ACUTE FEBRILE NEUTROPHILIC DERMATOSIS
(SWEET’S SYNDROME)
Acute febrile
neutrophilic dermatosis is an uncommon rash that most often is secondary to an
underlying infection or malignancy. The diagnosis is made by fulfilling a
constellation of criteria. Both clinical findings and pathology results are
required to make the diagnosis in a patient with a consistent history.
Clinical Findings: Acute febrile neutrophilic dermatosis is
often associated with a preceding infection. The infection can be located
anywhere but most commonly is in the upper respiratory system. Females appear
to be more likely to be afflicted, and there is no race predilection. Patients
present with fever and the rapid onset of juicy papules and plaques. Because
the papules can look as if they are fluid filled, they are given the
descriptive term juicy papules. They can occur anywhere on the body and
can be mistaken for a varicella infection. Patients also have neutrophilia and
possibly arthritis and arthralgias. If this condition is associated with a
preceding infection, it is usually self-limited and heals without scarring,
unless the papules and plaques are excoriated or ulcerated by scratching.

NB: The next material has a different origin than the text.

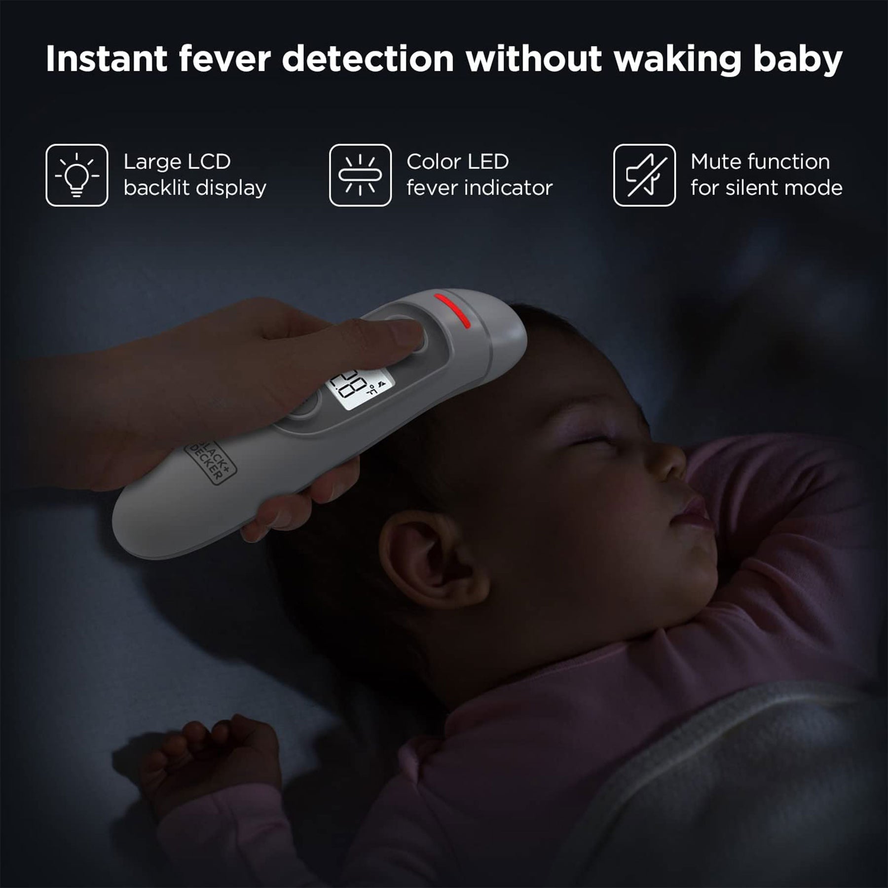 • Fever alarm further indicates a potential fever; Features a mute function in case your baby is sleeping

Variable amounts of pruritus and pain are associated with this skin disease. When
one is evaluating a patient with this condition, a thorough history is
required. A skin biopsy must be performed. A chest radiograph, throat culture,
and urinalysis should be performed to assess for the possibility of bacterial
infection.
Lymphoproliferative malignancies
have also been seen in association with Sweet’s syndrome. The malignancy often
precedes the rash, and the skin disease is believed to be a reaction to the
underlying malignancy. It is important to obtain specimens from these patients
for histological evaluation and culture for aerobic, anaerobic, mycobacterial,
and fungal organisms. The main differential diagnosis is between an infection
and Sweet’s syndrome in cases associated with a malignancy. The most common
malignancy associated with acute febrile neutrophilic dermatosis is acute
myelogenous leukemia. The prognosis in these cases is directly related to the
underlying malignancy. Often, the skin disease continues to recur unless the
malignancy is put into remission.
A few medications have also been
shown to induce Sweet’s syndrome, including granulocyte colonystimulating
factor (G-CSF), lithium, all-trans-retinoic acid, minocycline, and oral
contraceptives.
Pathogenesis: The pathomechanism of Sweet’s syndrome is
theorized to involve the secretion of a neutrophilic chemoattractant factor,
which causes massive amounts of neutrophils to migrate into the skin. The exact
molecule responsible for the recruitment of neutrophils into the skin is
unknown. Reports of exogenous use of G-CSF have led to the theory that it is
responsible for the chemoattraction of neutrophils. Other chemoattractants are
possible players in the pathogenesis, including interleukin-8.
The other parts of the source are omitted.